Ich erwarte da von einer animierten Serie nicht viel.


----------



## El-Fauxio (1. März 2021)

Ja---sin schrieb:


> Das erinnert mich an die Rick & Morty Folge, in der sich Rick in eine Gurke transformieren lässt, davon hätte ich mir 8 Staffeln sogar angeschaut...


Holy Shit, du hast Recht! 
Pickle Rick gibt es schon


----------



## yingtao (2. März 2021)

Was mich an den neueren Terminator Filmen stört ist dass der Terminator einfach nicht mehr wirklich gefährlich wirkt. Der T800 war im ersten Teil fast unzerstörbar. Schüsse aus Pistolen, MG oder Explosionen haben dem so gut wie nichts angetan. Der T1000 im zweiten Teil war dann nochmal eine komplett andere Hausnummer mit dem ganzen Nanozeug usw. 

An Teil 3 kann ich mich nicht mehr so richtig erinnern aber da war dieser weibliche Terminator nicht mehr so gefährlich wie der andere T1000, einfach weil die gesagt haben dass man nur Chip im Kopf zersören muss und fertig.

Von der Story fand ich Teil 3 eigentlich ganz interessant und hat auch zu den ersten beiden Teilen gepasst. Salvation fand ich OK, Genysis habe ich nicht geguckt und auch Dark Fate habe ich bisher noch nicht gesehen, habe aber bereits gehört das die Terminator in Dark Fate wieder nicht gefährlich wirken und ein Terminator einfach erschossen wird mit einer Schrotflinte oder so.

Auch die Storyzusammenfassung von Dark Fate hört sich nicht toll an mit dem Fokus hin zu Sarah Conner und dem Versuch eine neue Timeline zu erschaffen wo Sarah Conner die wichtigste Person auf der Welt ist was wuasi alles aus den alten Teilen invalidiert.

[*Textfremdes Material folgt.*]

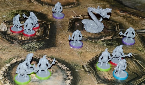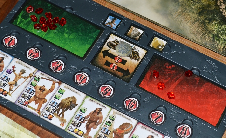 Река оверлорда – это, безусловно, крутая идея. Этакая панель управления врагами, которая наглядно показывает все их способности/стоимость и одновременно балансирует возможности зла, чтобы оно не могло долбить героев одними и теми же монстрами. Освоившись с рекой, оверлорд может искусно планировать свои активации и вовремя их удешевлять, сбрасывая с реки тайлы почивших отрядов.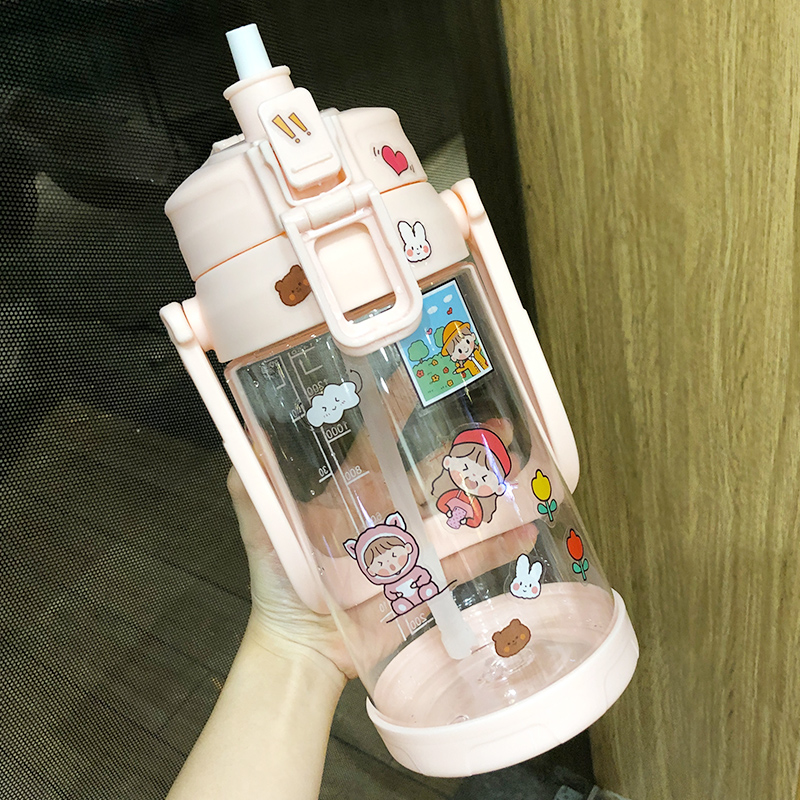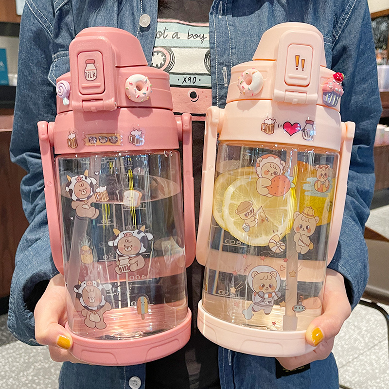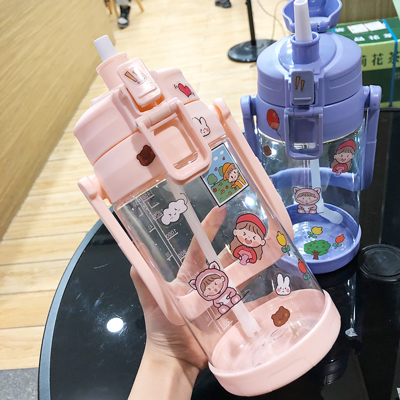 Super large capacity sports water cup Women's summer fitness plastic cup with straw net red large kettle portable water bottle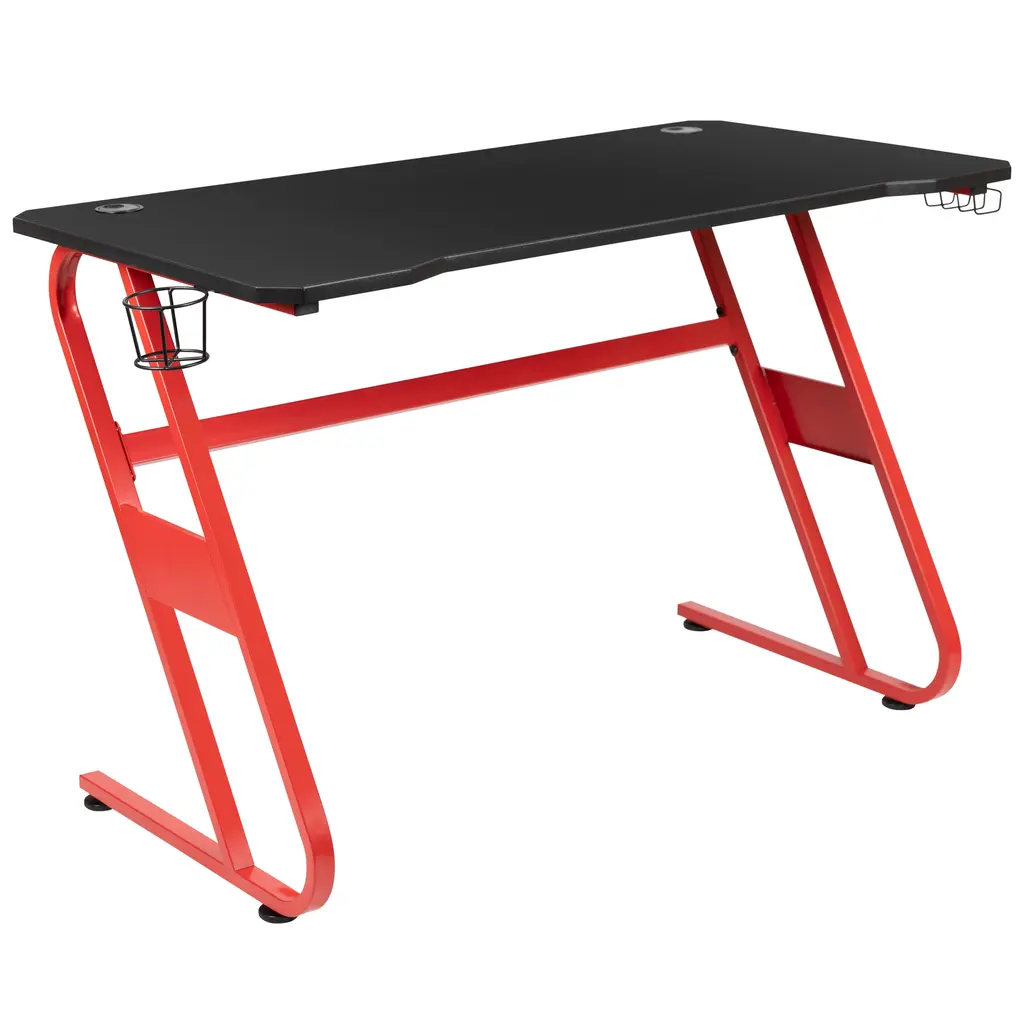 Let the games begin on this gaming desk and chair set. A sleek, z-frame offers stability and style for a cool looking desk setup. The gamers table has two grommets for cable management, a detachable cup holder and headset holder to keep you in game mode. The racing game chair have flip-up arms to comfortably rest your arms on while handling the controller or flip-up to slide under the desk. Be true to the gaming experience with a desk and chair combo designed for gaming systems. A spacious desktop that can hold up to 2 monitors adds more excitement to the game. Use the cup holder to prevent beverages from spilling on your pc gaming keyboard. The comfortably padded ergonomic gaming chair has a full swivel cylinder and adjusts with the pneumatic lever. Tilt back with ease by pulling the lever outward, control the force needed to recline by turning the knob underneath the seat. Made for gamers, this gaming desk and chair bundle will get you on your way to leveling up.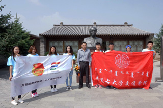 參加“三下鄉(xiāng)”社會實(shí)踐活動的學(xué)院大學(xué)生志愿者在烏蘭夫故居前合影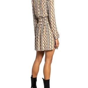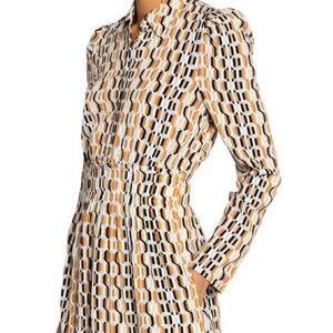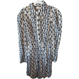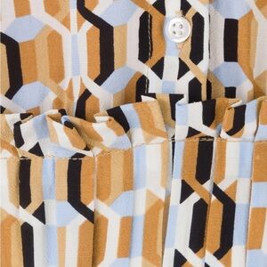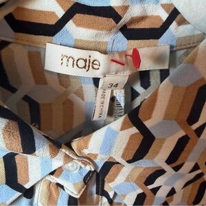 Maje Rablic Pleated Shirt Dress Geo Print Brown Blue Size 34 US 2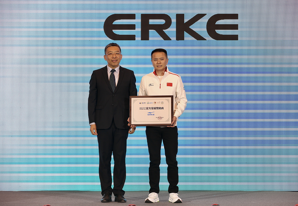 濟南市體育局黨組成員、副局長趙晨光為賽事榮耀贊助商鴻星爾克授牌。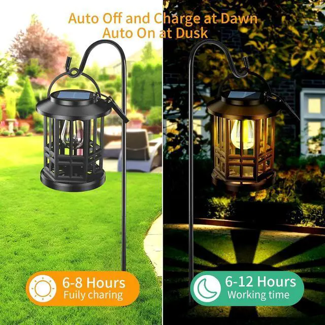 Easy Installation & Auto ON/OFFOur solar lanterns outdoor can be hung or clip on wall, trees, fence, branches, or place them on tables or Porch. Just switch the button in the bottom to " on", the solar powered lanterns can automatically turn on at dusk and off at dawn, offering convenient and energy-efficient lighting.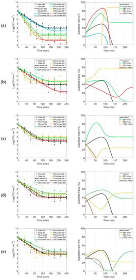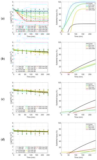 - Geeraerd, A.H.; Herremans, C.H.; Van Impe, J.F. Structural model requirements to describe microbial inactivation. Int. J. Food Microbiol. 2000, 59, 185–209. [Google Scholar] [CrossRef]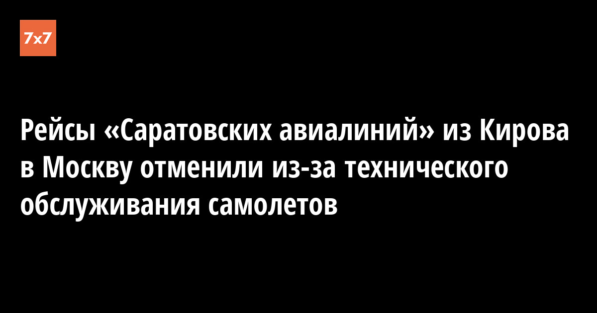 Авиакомпания «Саратовские авиалинии» отменила рейсы в Москву с 20 марта по 25 апреля из-за того, что самолеты АН-148 проходят техническое обслуживание. Об этом «7x7» 14 марта сообщил пресс-секретарь кировского аэропорта «Победилово» Алексей Губин.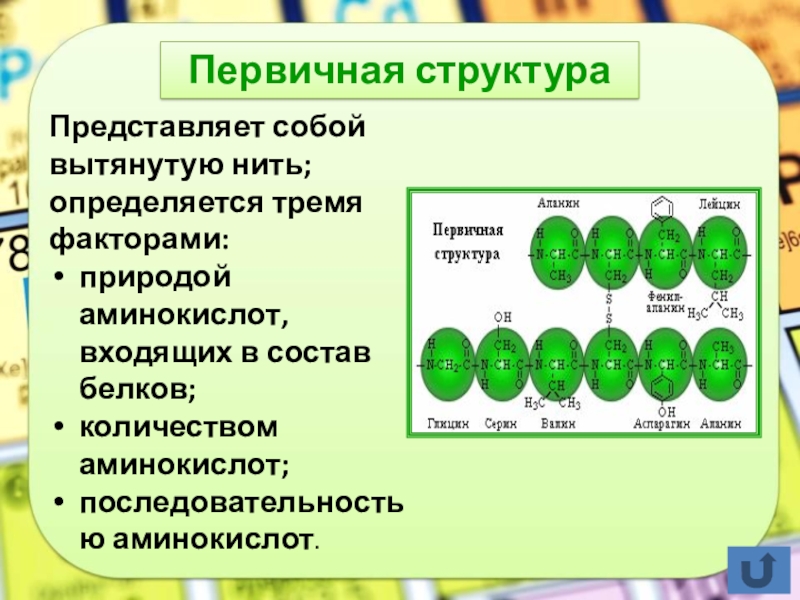 А) последовательность аминокислотных звеньев в линейной полипептидной цепи: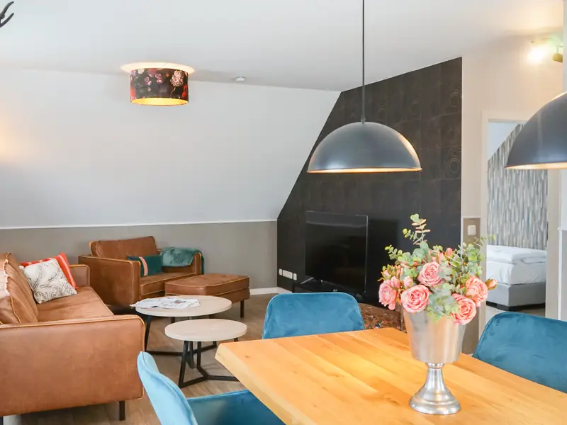 Herzlich Willkommen in der zauberhaften Ferienwohnung BucheDie Wohnung Buche ist 72 m² groß und befindet sich zudem im Dachgeschoß. Auf 2 Schlafzimmer, einem Badezimmer und einem Wohnbereich mit Küchenzeile vereinen sich stilvoll moderne Deko Elemente. Hier können bis zu 4 Personen übernachten. Die Terrasse hinter dem Haus können Sie außerdem sehr gern nutzen.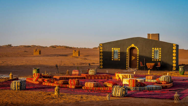 Das Taragalte Nomad Camp befindet sich in Mhamid, einer malerischen Region, die als Tor zur Sahara gilt. Die Umgebung zeichnet sich durch ihre beeindruckenden Sanddünen und die weite, unberührte Natur aus.

Ist halt ähnlich wie mit den Alien Filmen wo die neuen FIlme einfach nicht verstehen was die alten Filme so gut macht.


----------



## GreitZ (2. März 2021)

El-Fauxio schrieb:


> Stimmt. Netflix ist halt auch echt nicht wählerisch.
> 
> Die würden auch die Autobiographie von ner Gewürzgurke produzieren und auf acht Staffeln strecken.


Aber echt, die spielen sogar deutschen Schund ab, bzw wurden sie dazu gezwungen. Möglicherweise hätten sie es doch nicht getan...


----------



## RyzA (2. März 2021)

yingtao schrieb:


> Was mich an den neueren Terminator Filmen stört ist dass der Terminator einfach nicht mehr wirklich gefährlich wirkt. Der T800 war im ersten Teil fast unzerstörbar. Schüsse aus Pistolen, MG oder Explosionen haben dem so gut wie nichts angetan. Der T1000 im zweiten Teil war dann nochmal eine komplett andere Hausnummer mit dem ganzen Nanozeug usw.
> 
> An Teil 3 kann ich mich nicht mehr so richtig erinnern aber da war dieser weibliche Terminator nicht mehr so gefährlich wie der andere T1000, einfach weil die gesagt haben dass man nur Chip im Kopf zersören muss und fertig.
> 
> Von der Story fand ich Teil 3 eigentlich ganz interessant und hat auch zu den ersten beiden Teilen gepasst. Salvation fand ich OK, Genysis habe ich nicht geguckt und auch Dark Fate habe ich bisher noch nicht gesehen, habe aber bereits gehört das die Terminator in Dark Fate wieder nicht gefährlich wirken und ein Terminator einfach erschossen wird mit einer Schrotflinte oder so.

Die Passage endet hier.